Je profite de cette occasion pour rendre un hommage à Raymond Aubrac récemment décédé et Stéphane Hessel. Nous les avions reçu à Lasalle. Ces deux grands résistants se sont retrouvés en 2004 (quatre ans avant la dernière crise) pour élaborer ensemble une déclaration dont je crois important de vous donner lecture :
: « Au moment où nous voyons remis en cause le socle des conquêtes sociales de la Libération, nous, vétérans des mouvements de Résistance et des forces combattantes de la France Libre (1940-1945), appelons les jeunes générations à faire vivre et retransmettre l’héritage de la Résistance et ses idéaux toujours actuels de démocratie économique, sociale et culturelle. Soixante ans plus tard, le nazisme est vaincu, grâce au sacrifice de nos frères et sœurs de la Résistance et des nations unies contre la barbarie fasciste. Mais cette menace n’a pas totalement disparu et notre colère contre l’injustice est toujours intacte. Nous appelons, en conscience, à célébrer l’actualité de la Résistance, non pas au profit de causes partisanes ou instrumentalisées par un quelconque enjeu de pouvoir, mais pour proposer aux générations qui nous succéderont d’accomplir trois gestes humanistes et profondément politiques au sens vrai du terme, pour que la flamme de la Résistance ne s’éteigne jamais : Comment peut-il manquer aujourd’hui de l’argent pour maintenir et prolonger ces conquêtes sociales, alors que la production de richesses a considérablement augmenté depuis la Libération, période où l’Europe était ruinée ? Les responsables politiques, économiques, intellectuels et l’ensemble de la société ne doivent pas démissionner, ni se laisser impressionner par l’actuelle dictature internationale des marchés financiers qui menace la paix et la démocratie.
Plus que jamais, à ceux et celles qui feront le siècle qui commence, nous voulons dire avec notre affection : «Créer, c’est résister.
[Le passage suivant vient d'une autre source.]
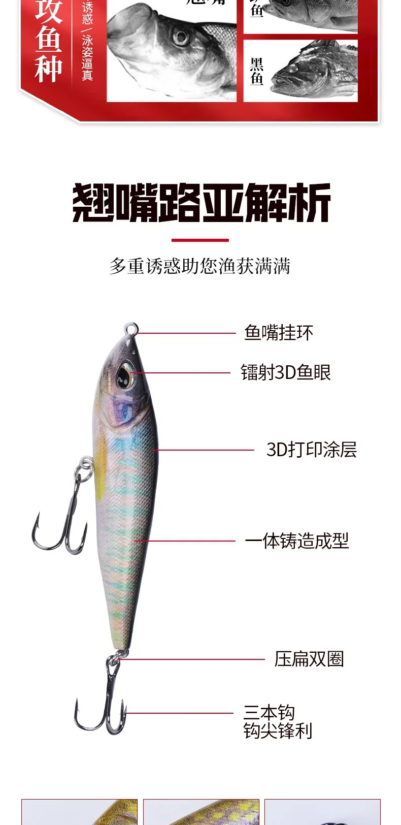 Appât crayon coulant imprimé 3d, 14g, 85mm, système de transfert Wobbler en plastique, Popper Pesca Swimbait Cast Minnow, matériel de pêche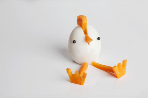 うずら卵の水煮に、コーンのくちばしと焼き海苔を切った目をくっつけるだけの、簡単飾り。コーンは細めのスパゲッティで刺して固定するが、食材の水分でやわらかくなっていくため、ゆでずに使うことができる。焼き海苔は、丸く切り抜けばパチクリとした目になり、細く切れば目を閉じているような表情となる。マヨネーズを薄く塗ってうずら卵に貼り付ける。細かい細工はメイクで使用する眉用のハサミでカットするとやりやすい。

Résister, c’est créer».
Il faut malheureusement constater qu’aujourd’hui la xénophobie et l’islamophobie sont le ciment de la droite extrême. La façade a été repeinte, mais l’intérieur reste le même. On comprend que l’héritage idéologique soit encombrant car historiquement cette tendance vient du pétainisme et s’est construit sur le dos de l’Algérie française. Il est probable qu’une partie des électeurs l’ignorent.
Il faut combattre sans répit et avec la plus grande détermination la stratégie du bouc-émissaire. C’était autrefois la faute aux « métèques » italiens, espagnols ou polonais, c’est aujourd’hui la faute « aux Arabes et aux Noirs ». Le fond du discours n’a jamais changé.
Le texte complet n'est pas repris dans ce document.